At Sun, 14 Jul 2013 14:25:12 +0800,
Liu Yuan wrote:
> 
> On Sun, Jul 14, 2013 at 12:08:46AM +0900, MORITA Kazutaka wrote:
> > From: MORITA Kazutaka <morita.kazutaka at lab.ntt.co.jp>
> > 
> > The current procedure to handle sheep join is as follows.
> > 
> >  1. The joining node sends a join request.
> >  2. The master node accepts the request.
> >  3. All the nodes update cluster members.
> > 
> > This procedure has some problems:
> > 
> >  - The master election is too complex to maintain.
> >    It is very difficult to make sure that the implementation is
> >    correct.
> > 
> >  - The master node can fail while it is accepting the joining node.
> >    The newly elected master has to take over the process, but it's
> >    usually difficult to implement because we have to know what the
> >    previous master did and what it did not before its failure.
> > 
> > This patch changes the sheep join procedure to the following.
> > 
> >  1. The joining node sends a join request.
> >  2. Some of the existing nodes accept the request.
> 
> Seems that all the nodes in the cluster accept the request, no?

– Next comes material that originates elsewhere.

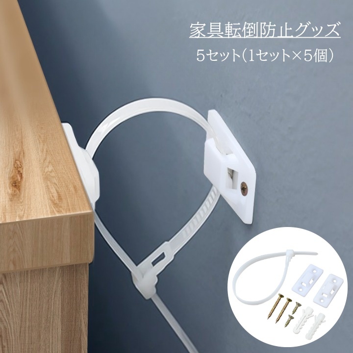 ■家具転倒防止グッズ 5セット 地震対策 家具 壁面固定 壁 固定 金具 セーフティーグッズ 安全対策 災害対策 防災用品 本棚

If the join event in the cluster event queue is updated by another
node's accept message, the node doesn't call sd_accept_handler().
However, the current implementation doesn't check arriving messages
while it dispatches events, so all the nodes seems to call
sd_accept_handler with the corosync and zookeeper drivers.

> 
> >  3. All the nodes update cluster members.
> > 
> > It is allowed for the multiple nodes to call sd_accept_handler()
> > against the same join request, but at least one node must have to do
> > it.  With this change, we can eliminate a master, and node failure
> > while accepting node join is also allowed.
> > 
> 
> Why sd_accept_handler is reentrant in cluster aspect? I noticed that, e.g,

It is because if only one node calls sd_accept_handler(), the node can
be a SPOF while processing the joining node.  Allowing multiple nodes
to call sd_accept_handler() looks the simplest way to me.  I agree
that this needs a discussion, though.

> push_join_response() of zk driver are called on all the nodes too. So if
> following case happens, can sheep handle it?
> 
> 2 nodes in the cluster {A, B}. And C is joining the cluster.
> 
> A -> push_join_response() and quickly return, watcher of A, B, C is called
>      to handle EVENT_ACCEPT from A.
> B -> push_join_response() slowly return because of network, A, B, C handles
>      EVENT_ACCEPT from B.
> 
> Simply put, can sheep hanle multiple EVENT_ACCEPT of the same node?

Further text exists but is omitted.